Dès lors, le fait que l'appelant n'a pas été invité par la collectivité territoriale à indiquer l'aide qu'il était susceptible d'apporter à son père au moment de l'examen de la demande d'aide sociale est sans emport sur la validité de l'action en récupération sur la succession.

L'appelant soutient que la créance dont le montant est réclamé à la succession est une créance alimentaire, qui aurait été du être fixée en présence des obligés alimentaires. Mais cette allégation se heurte au constat selon lequel la dette réclamée n'est pas une créance alimentaire mais une dette sociale. Le fait que le successeur éventuel du bénéficiaire n'a pas été informé de la possibilité d'une action à son encontre est sans emport sur la régularité de l'action de la collectivité territoriale (CE 25 avr. 2001, Garofalo, n°214252).

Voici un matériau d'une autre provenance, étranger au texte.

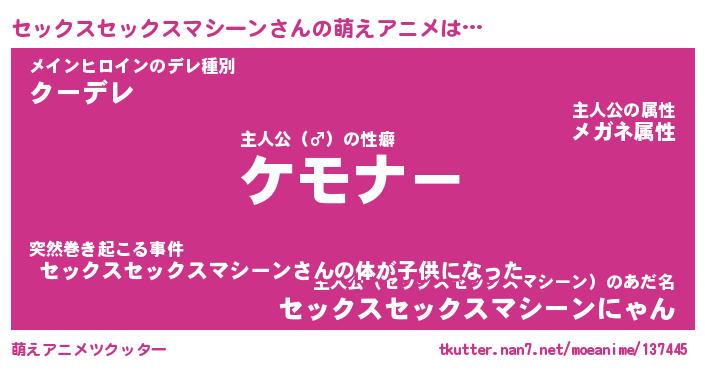 | 女子向けラノベタイトル風あだ名 | 『誰かこのセックスセックスマシーンを説明してください! ~契約から始まるウェディング~』 |

Dès lors, l'ensemble des arguments de l'appelant qui affirment que la collectivité territoriale aurait commis un abus de procédure, voir une faute intentionnelle en ne se rapprochant pas de lui au moment de l'attribution de l'aide sociale dans le but de pourvoir récupérer la créance de ce chef sur le patrimoine immobilier du bénéficiaire n'a pas lieu d'être examinée de façon plus approfondie par la cour. Ce constat conduit également à écarter en raison de son inopérance le moyen soutenant que les fautes ou les manquements de la collectivité territoriale auraient pour conséquence un cantonnement de la créance réclamée à la succession.

L'appelant se prévaut d'un droit à exonération en invoquant les dispositions de l'article L.334-5 du code de l'action sociale et des familles qui dispose :

« Les frais d'hébergement et d'entretien des personnes handicapées accueillies, quel que soit leur âge, dans les établissements mentionnés au b du 5o et au 7o du I de l'article L. 312-1, à l'exception de celles accueillies dans les établissements relevant de l'article L. 344-1, sont à la charge:

1°A titre principal, de l'intéressé lui-même sans toutefois que la contribution qui lui est réclamée puisse faire descendre ses ressources au-dessous d'un minimum fixé par décret et par référence à l'allocation aux handicapés adultes, différent selon qu'il travaille ou non. Ce minimum ne tient pas compte des primes liées aux performances versées par l'État aux sportifs de l'équipe de France médaillés aux jeux paralympiques. Ce minimum est majoré, le cas échéant, du montant des rentes viagères mentionnées à l'article 199 septies du code général des impôts ainsi que des intérêts capitalisés produits par les fonds placés sur les contrats visés au 2o du I de l'article 199 septies du même code ainsi que du montant de la prime mentionnée à l'article L. 841-1 du code de la sécurité sociale

2°Et, pour le surplus éventuel, de l'aide sociale sans qu'il soit tenu compte de la participation pouvant être demandée aux personnes tenues à l'obligation alimentaire à l'égard de l'intéressé, et sans qu'il y ait lieu à l'application des dispositions relatives au recours en récupération des prestations d'aide sociale lorsque les héritiers du bénéficiaire décédé sont son conjoint, ses enfants , ses parents» ou la personne qui a assumé, de façon effective et constante, la charge du handicapé, ni sur le légataire, ni sur le donataire ou le bénéficiaire d'un contrat d'assurance vie. Les sommes versées, au titre de l'aide sociale dans ce cadre, ne font pas l'objet d'un recouvrement à l'encontre du bénéficiaire lorsque celui-ci est revenu à meilleure fortune. »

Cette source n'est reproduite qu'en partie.